→ **About this exercise**
The answer must be the full listing, word for word, with no pictures in it.
-------- Provided data
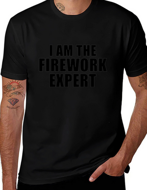 I Am The Firework Expert T-Shirt - Black Crew Neck Tee
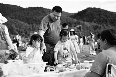 8月25日,家長帶著小朋友觀看大元社孩子們制作的手工藝品。在湖南省永州市寧遠(yuǎn)縣,一場鄉(xiāng)村青少年藝術(shù)節(jié)在九嶷山腳下的大元社舉行。寧遠(yuǎn)縣水市鎮(zhèn)游魚井村和朵山村的30多個孩子,與瑤族老人們一起唱瑤歌,身著自己設(shè)計、制作的服裝表演戲劇。2016年,畢業(yè)于美術(shù)院校的周燕在丈夫劉休的家鄉(xiāng)——水市鎮(zhèn)大元自然村成立大元社藝術(shù)文化交流中心,希望通過藝術(shù)的方式陪伴村里的留守兒童成長,彌補農(nóng)村藝術(shù)教育短板。除了平日里的藝術(shù)課程,每年寒暑假,多個高校的志愿者會來到大元社,為孩子們提供舞蹈、聲樂、文學(xué)創(chuàng)作等方面的課程。
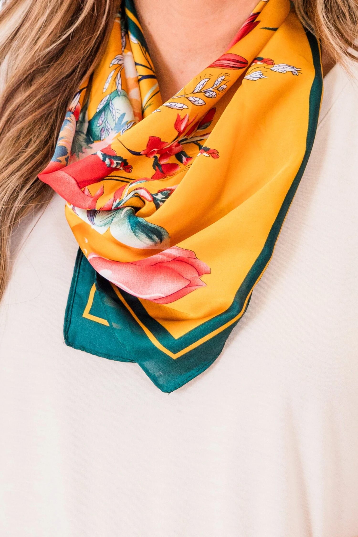 Get vacay ready with this adorable scarf! It features a bold multi-color floral pattern, making it the perfect accessory for your next adventure! Its vibrant design adds a pop of color to any outfit, while its lightweight material ensures comfort and convenience on the go!
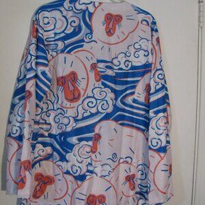 Unbranded silk look blouse in size medium. New without tags, this colorful blouse has a v neckline and long sleeves. Abstract print in orange, pink and blue on a white blouse. Lightweight, with the look of silk, super nice. Cute animal faces give this top a fun, whimsical feel. Made from 100% polyester, machine wash.
----------------
→ **Completed task**
 I Am The Firework Expert T-Shirt - Black Crew Neck Tee
 8月25日,家長帶著小朋友觀看大元社孩子們制作的手工藝品。在湖南省永州市寧遠(yuǎn)縣,一場鄉(xiāng)村青少年藝術(shù)節(jié)在九嶷山腳下的大元社舉行。寧遠(yuǎn)縣水市鎮(zhèn)游魚井村和朵山村的30多個孩子,與瑤族老人們一起唱瑤歌,身著自己設(shè)計、制作的服裝表演戲劇。2016年,畢業(yè)于美術(shù)院校的周燕在丈夫劉休的家鄉(xiāng)——水市鎮(zhèn)大元自然村成立大元社藝術(shù)文化交流中心,希望通過藝術(shù)的方式陪伴村里的留守兒童成長,彌補農(nóng)村藝術(shù)教育短板。除了平日里的藝術(shù)課程,每年寒暑假,多個高校的志愿者會來到大元社,為孩子們提供舞蹈、聲樂、文學(xué)創(chuàng)作等方面的課程。
 Get vacay ready with this adorable scarf! It features a bold multi-color floral pattern, making it the perfect accessory for your next adventure! Its vibrant design adds a pop of color to any outfit, while its lightweight material ensures comfort and convenience on the go!
 Unbranded silk look blouse in size medium. New without tags, this colorful blouse has a v neckline and long sleeves. Abstract print in orange, pink and blue on a white blouse. Lightweight, with the look of silk, super nice. Cute animal faces give this top a fun, whimsical feel. Made from 100% polyester, machine wash.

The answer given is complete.